# POLI 175 - Machine Learning for Social Sciences

## Python Refresh I

---

# Data Science with Pandas

## Load Pandas

Load pandas is very easy. Provided that the package is installed (if not, check [here](https://pandas.pydata.org/pandas-docs/stable/getting_started/install.html) how to install it), type:

In [1]:
import pandas as pd

## Load Data into Python

To start having fun, we need to load data into Python. We can do this in three ways: from a local file, from the internet, and from data typed in the keyboard.

### From Locale

First, we need to find the working directory. To do that, we need to use the library `os`. To do this you need to:

```
import os
print(os.getcwd())
```

In [2]:
import os
print(os.getcwd())

/Users/baraazekeria/UCSD/POLI175/poli175/wk01


## Load Data into Python

Then, you need to put the file in the folder. If you need to change the folder, use the function:

```
os.chdir("new_path_here")
```

Now that we know the folder, and the file is there, we can load it:

```
dat = pd.read_csv('file_name_here.csv')
```

### Load Dataset on the internet

The way we will load here is from the internet. 

For example, suppose the following dataset: https://raw.githubusercontent.com/umbertomig/qtm150/master/datasets/PErisk.csv.

To open, we use the `read_csv` command as we did with the locale version.

In [3]:
dat = pd.read_csv("https://raw.githubusercontent.com/umbertomig/qtm150/master/datasets/PErisk.csv")
dat.head()

Unnamed: 0,country,courts,barb2,prsexp2,prscorr2,gdpw2
0,Argentina,0,-0.720775,1,3,9.69017
1,Australia,1,-6.907755,5,4,10.30484
2,Austria,1,-4.910337,5,4,10.10094
3,Bangladesh,0,0.775975,1,0,8.379768
4,Belgium,1,-4.617344,5,4,10.25012


### From typing in the keyboard

We can also build a dataset from scratch.

For example, we could build a simple dataset in the following way:

```
dat = pd.DataFrame({
    "v1": ['d1', 'd2', 'd3'],
    "v2": [1, 2, 3],
    "v3": ['A', 'B', 'A'],
    "v4": [2.0, 1.1, 2.2]})
```

And this works for small datasets, with the inconvenience of having to type.

## Dataset Information

Suppose we have a pandas dataset called `dat`. To make it more realistic, use the following example:

```
# For me: PErisk
dat = pd.read_csv('https://raw.githubusercontent.com/umbertomig/qtm150/master/datasets/PErisk.csv')

# For you: tips
dat2 = pd.read_csv('https://raw.githubusercontent.com/umbertomig/qtm151/main/datasets/tips.csv')
```

If you are having VPN issues, let me know.

In [None]:
# My code here

### .info(.)

This method prints the information about the content of a dataset.

Syntax and Usage: `print(dat.info())`

In [None]:
# My code here

### .head(.)

This method prints the first few observations of the dataset.

Syntax and Usage: `print(dat.head())`

In [None]:
# My code here

### .shape

This prints the number of rows and columns of a dataset.

Syntax and Usage: `print(dat.shape)`

Note: no parenthesis necessary.

In [None]:
# My code here

### .describe(.)

This method gives us a few summary statistics of the dataset.
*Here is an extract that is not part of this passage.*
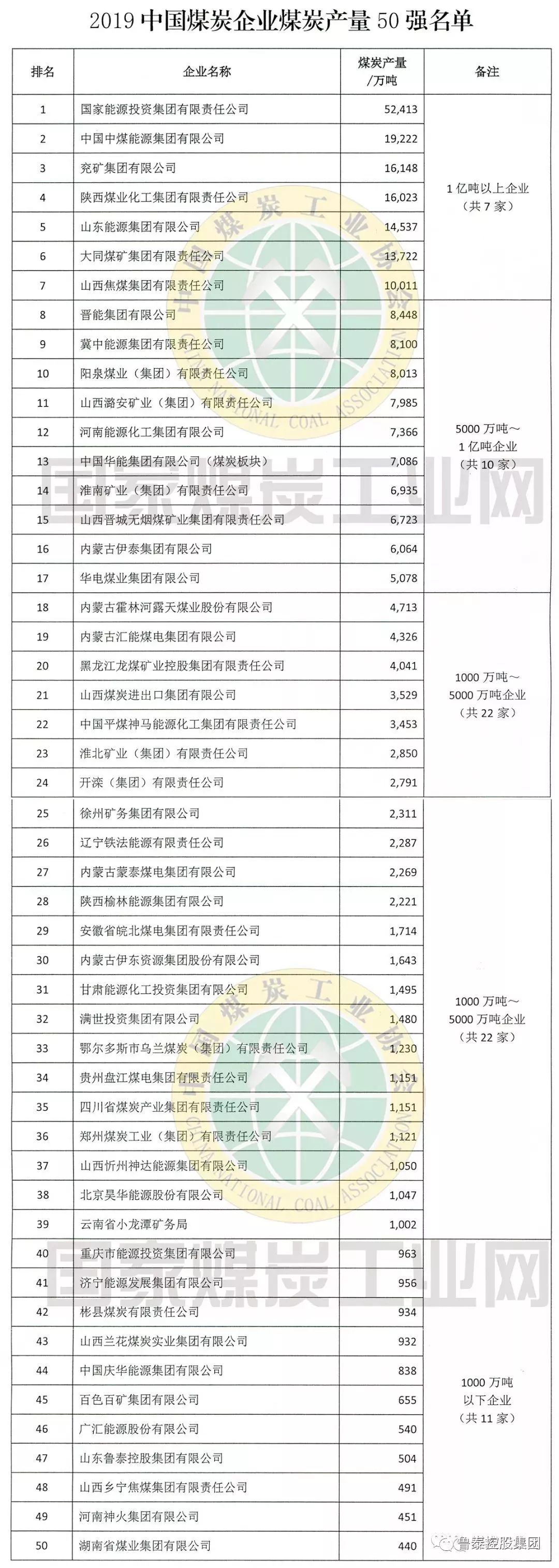 日前,中国煤炭工业协会发布了2019中国煤炭产量50强榜单,半岛注册网(中国区)首页控股集团以年产量504万吨位居第47位。这是集团公司继上榜2018中国煤炭产量50强榜单后,排名上升三位,再次上榜中国煤炭产量50强。

Syntax and Usage: `print(dat.describe())`

In [None]:
# My code here

### .values

This prints the observations in the dataset.

Syntax and Usage: `print(dat.values)`

Note: no parenthesis necessary.

In [None]:
# My code here

### .columns

This prints the variables information of the dataset.

Syntax and Usage: `print(dat.columns)`

Note: no parenthesis necessary.

In [None]:
# My code here

### .index

This prints informations about the dataset rows.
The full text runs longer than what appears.